Уж во всяком случае, не так называемым королем математиков, тот вряд ли упустил бы из виду такую возможность.
Гаусс заложил руки за спину и принялся разглядывать орхидеи, опутавшие ствол пальмы. Затем сдавленным голосом объявил, что в этом нет ничего противозаконного.
Безусловно, сказал граф. Он не сомневается, что господин геодезист заранее все перепроверил. Между прочим, геодезическая съемка вызывает у него великое восхищение. Что за диковинное занятие — месяцами носиться по полям и лесам с измерительными инструментами.
Диковинное только в том случае, если заниматься этим в Германии. Того же, кто проделывает то же самое в Кордильерах, славят как великого первооткрывателя мира.
Граф покачал головой. И понятно, что приходится туго, особенно если дома осталась семья. У господина геодезиста ведь есть семья? Хорошая жена?
Гаусс кивнул. Солнце снова светило слишком ярко, да и растения теперь чем-то раздражали его. Он спросил, не могут ли они вернуться к вопросу о купле-продаже деревьев. Ему нужно отправляться дальше, времени у него в обрез!
Ну уж не настолько в обрез, сказал граф. Автору Disquisitiones Arithmeticae, по-видимому, уже некуда торопиться.
Гаусс удивленно взглянул на графа.
Пожалуйста, без ложной скромности, сказал граф. Раздел с теорией деления круга — это самое значительное из всего того, что ему до сих пор доводилось читать. Он нашел там мысли, которые могли бы даже его еще чему-нибудь научить.
Гаусс рассмеялся.
Да-да, сказал граф, он говорит совершенно серьезно.
Гаусс заметил, что просто удивительно встретить здесь человека с таким кругом интересов.
Тут скорее стоит говорить о знаниях, сказал граф. Круг его интересов весьма ограничен. Но он всегда считал необходимым расширять свои знания за пределы личного участия в них. Да, кстати, раз уж представился случай: до него дошло, что господин геодезист что-то хочет ему сказать.
Как, простите?
Это носится в воздухе. Жалобы, неудовольствие. Может, даже упреки, обвинения.
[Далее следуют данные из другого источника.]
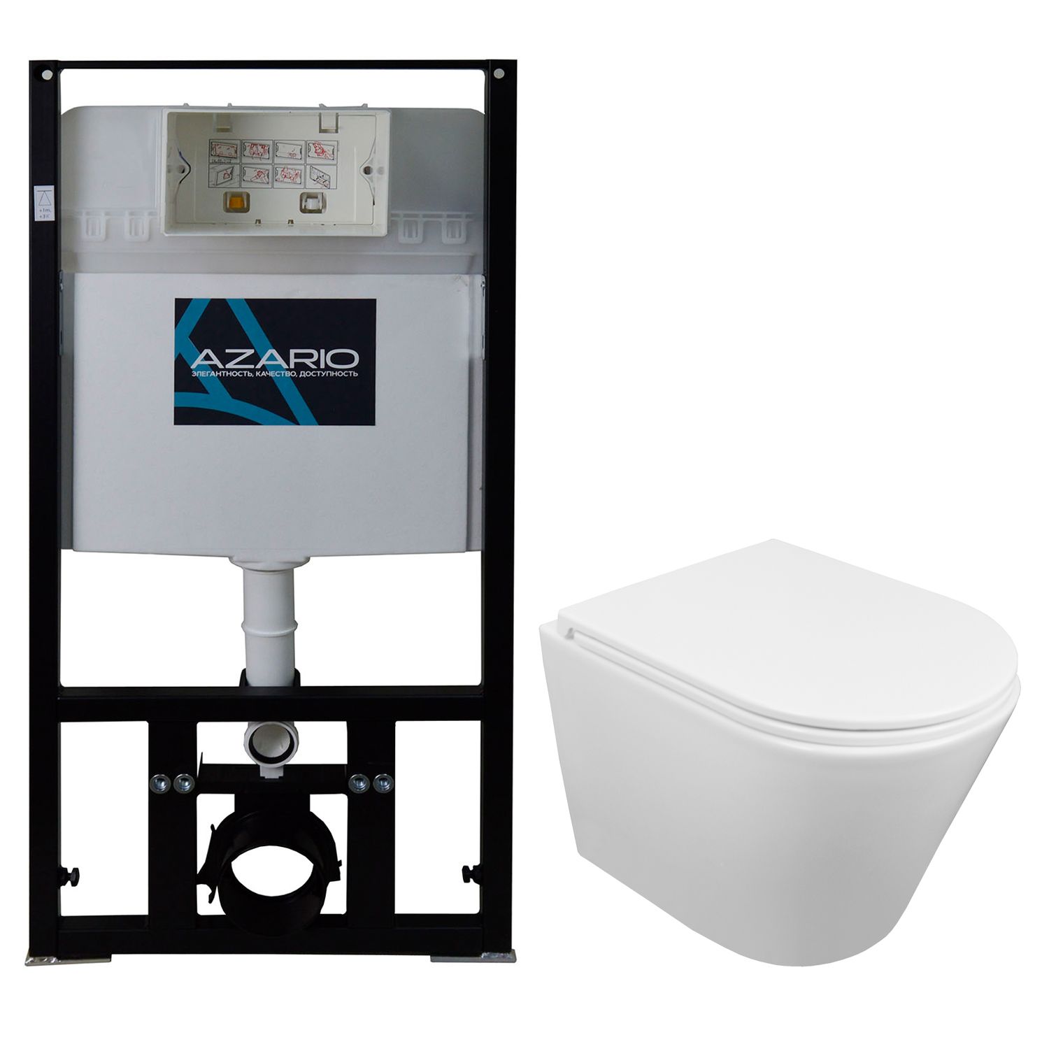 —Сет: Инсталляция Azario для подвесного унитаза 3/6л. + унитаз Azario Teramo безободковый, слив "Скрытое Торнадо", с сиденьем микролифт (AZ-8010-1000+AZ-0053-UQ3)
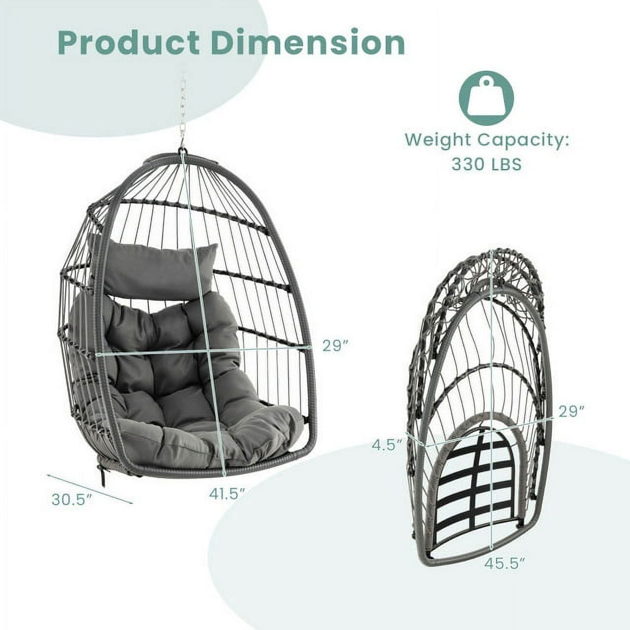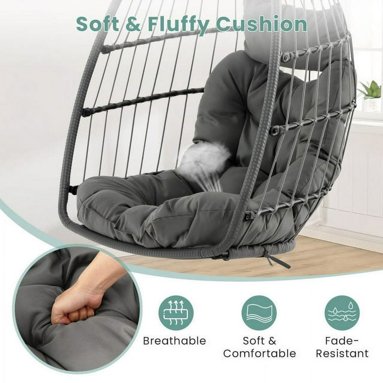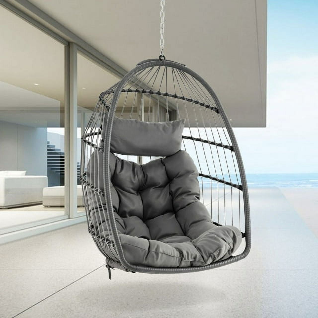 Vebreda Gray Wicker Hanging Swing Egg Chair – Outdoor Patio Seating with Cushion

Гаусс потер себе лоб. Постепенно ему становилось жарко. Он не имеет ни малейшего представления, о чем говорит господин граф.
Действительно ничего такого?
Гаусс смотрел на него, мало что понимая.
Ну, нет так нет, сказал граф. А что касается деревьев, он отдаст их бесплатно.
А сарай?
Его тем более.
Но почему, спросил Гаусс и сам испугался своего вопроса. Что за неразумность такая?
Разве обязательно нужны доводы? Из любви к государству, как это и подобает истинному гражданину. Из уважения к господину геодезисту.
Гаусс поблагодарил низким поклоном. Сейчас ему действительно нора отправляться в путь, его никчемный сын ждет его, и ему предстоит еще сегодня отмерить шагами довольно изрядный кусок до Кальбсло.
Граф попрощался легким взмахом своей тонкой аристократической руки.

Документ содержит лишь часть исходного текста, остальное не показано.